Nous vous proposons aussi la création d’une loi de programmation pluriannuelle des financements de la transition écologique qui assurerait une meilleure visibilité aux entreprises, aux ménages, aux investisseurs comme aux collectivités territoriales.
Pour les entreprises, il serait de bon sens que l’octroi des aides publiques soit systématiquement conditionné à des contreparties sociales et écologiques.
Il y a urgence aussi pour les collectivités. Vous ne cessez de diminuer leur autonomie et la capacité à agir des communes. Vous ne les protégez pas ou pas assez face à l’inflation et au coût spéculatif de l’énergie.
Vous et vos prédécesseurs leur avez retiré la quasi-totalité de leurs pouvoirs fiscaux. Cela ne vous suffit pas : vous voulez aussi contrôler leurs dépenses. La réduction des charges de fonctionnement relève non plus, chez vous, du domaine de l’entêtement, mais de l’obsession, surtout quand il s’agit des charges de fonctionnement des autres !
Baisser les charges de fonctionnement signifie-t-il cesser d’accueillir les tout-petits dans les crèches, les enfants à la cantine, fermer des médiathèques, des espaces culturels, des équipements sportifs, des centres de loisirs ou encore les centres de santé, que vous étiez bien heureux de voir transformés en centres de vaccination pour tous voilà quelques mois ?

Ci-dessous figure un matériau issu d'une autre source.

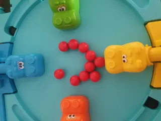 Los jugadores tienen que apretar la pestaña del perrito y van tragando las bolitas que se dejan todas en el medio. Gana, quien consigue más bolitas . Divertido, entretenido.... Está en perfecto estado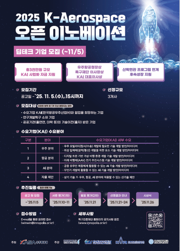 KAI(한국항공우주산업)가 '2025 K-Aerospace 오픈 이노베이션'에 공동 주관기관이자 수요기업으로 참여해 딥테크 기업과 기술협력에 나선다.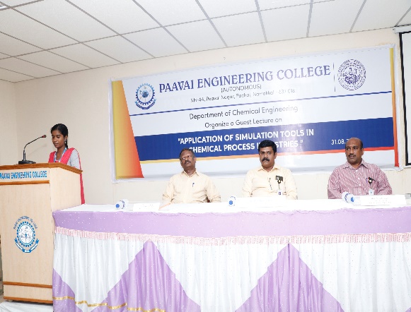 The Department of Chemical Engineering, PAAVAI ENGINEERING COLLEGE in association with the Institution of Engineers India (IEI), Salem Local Chapter, Salem has conducted a Guest Lecture on the topic “Applications of Simulation Tools in Chemical Process Industries”on 31.08.2023. The guest lecture started with welcome address by Selvi. R.Hemavathi of Third year Chemical Engineering. The function was felicitated by Dr.M.Premkumar, Principal of Paavai Engineering College. The programme was convened by Mr. R. Balasubramani, Head of the Department and faculty members of the department. The chief guest introduction was given by Selvan.N.Gokul of III year Chemical. The Resource Person of the day is Dr.C.Gomadurai, Associate Professor of Chemical Engineering, Kongu Engineering College, Perundurai, Erode district.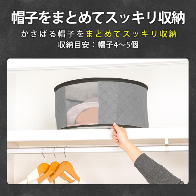 ●ゆったりとした円柱形。キャップやハットなどの帽子を型崩れさせずにまとめて保管。使わないときは折りたたんでコンパクトに収納できる。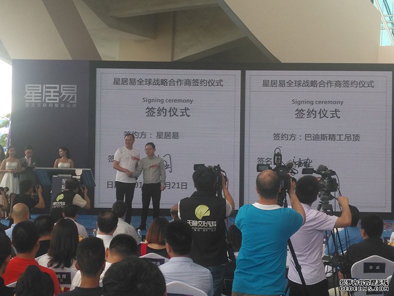 會上,國內(nèi)集成吊頂行業(yè)領導者——巴迪斯精工頂墻董事長龍國勝,也在開業(yè)慶典上表達了對星居易品牌發(fā)布及廣州旗艦店開張的美好祝福和誠摯恭賀。他表示,依托星藝集團強大的品牌實力,過硬的施工水平及能力,豐富的施工和裝修管理經(jīng)驗,相信星居易的發(fā)展前景勢必積極、蓬勃,同時也期待雙方未來的合作更上一層樓。隨后,巴迪斯董事長龍國勝與星居易總經(jīng)理王明國,正式簽署合作協(xié)議,雙方結為全球戰(zhàn)略合作伙伴,強強聯(lián)合,合作共贏,打造家裝整裝市場供應鏈合作的典范!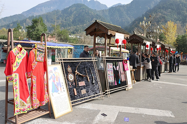 當天,位於主會場周圍的羌韻市集人頭攢動,熱鬧非凡。市集設有非遺技藝展銷區、文創展銷區及特色美食區。此外,身著羌服的NPC工作人員與遊客進行互動,通過答題、對歌對詩等形式,增強遊客的參與性與趣味性。
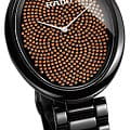 Женские керамические швейцарские часы с бриллиантами Rado Esenza R53094752, кварцевый механизм с высокой точностью. Сапфировое стеклоСапфировое стеклоПрочный и надёжный материал из кристалла сапфира синтетического происхождения, характеризующийся особой твёрдостью и устойчивостью к царапинам и повреждениям. устойчивое к появлению царапин, обладающее высокой прозрачностью. Класс водозащиты: 30 метров, позволит защитить корпус от случайных брызг или капель дождя. Корпус и браслет часов изготовлены из высокотехнологичной керамикиВысокотехнологичная керамикаИнновационный запатентованный Rado материал с гладкой или матовой поверхностью. Керамика за счёт кристаллической структуры обладает повышенной устойчивостью от возникновения царапин. Материал способен принимать температуру тела человека, обеспечивая невероятный комфорт при ношении.. Браслет на раскладной застёжкеРаскладная застёжкаТакой тип застёжки используется только на браслетах из металла. Она никогда не раскрывается полностью, происходит разделение на 2 и более частей. Раскладывающая застёжка снизит вероятность потери часов к минимуму.. Циферблат декорирован 534 оранжевыми сапфирами .801 карат.

Rien ne le justifie, car les collectivités sont gérées sainement, sans déficit, contrairement à notre État jacobin. Elles investissent massivement et utilement pour l’ensemble du pays. Vous devriez au contraire les soutenir. Elles sont le laboratoire innovant de nombreuses politiques publiques nécessaires pour la transition. Elles sont enfin, en cette période de crise, un rempart démocratique que, sur toutes les travées, nous devrions soutenir et respecter. Il faut miser sur elles. Avec résilience, elles gèrent le quotidien et construisent l’avenir.
C’est ce que nous attendons des lois de programmation. C’est pourquoi nous ne voterons pas celle-ci.